青絲的專長就是耳朵靈活,身形靈活,適合偷藥,偷聽做細作!
花向晚聽到鳳君傲這一句話,眼珠子都快要瞪出來了。
竟然給花堇色欺騙了。
如果她能早一點兒識破的話,躺在這裡的人就是花堇色了。
幻妖卻沒有理鳳君傲:「花向晚,我不會讓你活太久的。」
說完幻妖便大步的朝林外走去。鳳君傲看了一眼被泥土蓋了下半個身子的花向晚,之後又看了一眼在他腳下吐著蛇信子的小白蛇:「你要是真是餓了的話,就上去吸一口吧,不過,可別全吸完了。」
青絲聽到這興奮的朝花向晚撲過去。
北冥王府。
畫染在藥房內,仔細的研究中新藥。
轉身拿藥材的時候,燭光便將幻妖的輪廓映射在了牆上。
畫染一看,大喜,丟下手中搗鼓的藥棒,就朝幻妖撲過去:「妖妖,好想你。」
「北冥王在哪裡?」幻妖真的覺得很奇怪,那麼大的北冥王府竟然沒有一個侍衛巡邏,她就這麼輕易的進來了。
畫畫抱著幻妖的大腿繼續蹭著,然後抬起一雙萌萌的眼睛看著幻妖:「難道不是在月安閣睡覺嗎?」
畫畫話一說完,幻妖便將畫畫的兩隻手扳開,大步流星的朝月安閣走去……
慘淡的月華投射到大理石地面,渡成了一地的白霜。
「別在往前走一步了。」幻妖剛踏上第一級台階,身後便徒然出現一個聲音。
冷玉澤面色沉冷,低垂下的髮絲隨著秋風緩緩的飄起:「這裡不是你該來的地方。」
「我要見北冥王。」幻妖抿了抿唇,目光如冰稜般注視著前方的冷玉澤:「我今天一定要見到他。」
「有些事情還是不要知道真相的好。」冷玉澤抿了抿嘴唇,定定的看著幻妖,似乎知道幻妖來的目的一般。
「我只想知道我哥哥在哪裡,真相是什麼我不想知道。」幻妖的聲音混合著呼嘯的風聲傳入冷玉澤的耳中。
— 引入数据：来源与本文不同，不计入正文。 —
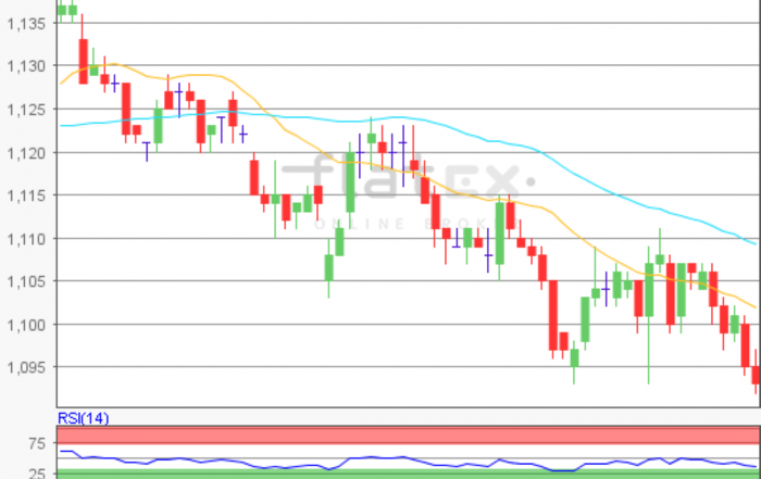 Das Währungspaar EUR/USD bewegt sich nochmals auf die beiden Mehrjahrestiefs von 1,0925 und 1,0926 zu.
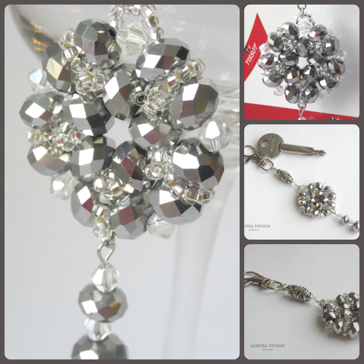 16. Брелок цветок. Длина подвески на карабинчике 10см. Бусина (металл) – 2см., элемент подвески цветок (австрийские кристаллы, чешский бисер) – 3см. Карабин – 4см.
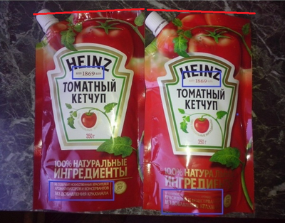Полиграфия упаковки одна и та же. Суть - разные либо краски, либо кто-то накосоручил с настройками смешивания/подачи и т.д. Там разная плотность краски. Очень похожий эффект будет при выцветании. А начинка пакета... привет технологам, у них тоже бывают плохие дни)
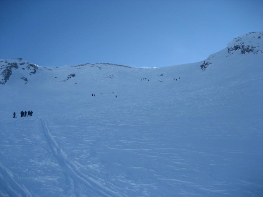Gita condivisa con il gulliveriano (d.o.c.) “abe” (“ricopio” il suo autorevole commento) e con altri otto giovani (e soprattutto forti) sci-alpinisti milanesi/lombardi e quindi grande compania. Condizioni discrete dell’itinerario, e forse anche per questo, oggi è stato scelto da numerosi sci-alpinisti. Ritengo giusta la valutazione -2- del rischio valanghe prevista dai bolletini svizzeri e penso possa valere ancora per qualche giorno -a parità di condizioni meteo-, la parte alta, più ripida è pressochè completamente in ombra anche al pomeriggio. Condizioni discrete, ma gita sicuramente …”spaziale”…, non solo perchè oggi il cielo lo era veramente, ma per me in particolare molto significativa per la possibilità di essere ritornato “sui monti”… In vetta, oggi è suonato -e si è elevato “in cielo”- il canto “Laudate omnes gentes”…

「你在往前走一步,我真的不會對你客氣。」冷玉澤注視著幻妖的腳步,聲音太冰冷攝人。
幻妖卻不為所動,雙腳剛踏上第二階台階,一束青芒便從冷玉澤手中蹦出。
幻妖側身閃躲,一柱紅芒便從冷玉澤身旁劈過,伴隨著呼嘯的風聲,速度快的讓人目不暇接。
冷玉澤沉著的往後推,雙掌幻化出一道淡灰色的屏障。
而幻妖左手卻又推出一個火球,電光石火間,濃烈的火球灼熱的朝冷玉澤襲來,雙掌幻化出來的屏障卻已不知不覺被燒得粉碎。
「花堇色,最後一次警告你,別進去。」冷玉澤話說著,冷冽的空氣縱然間又降低了十幾度。
冷玉澤面前的火球,不知在何時正被冷玉澤掌心中的冰塊凝固,變得透明,深厚,也更加的碩大。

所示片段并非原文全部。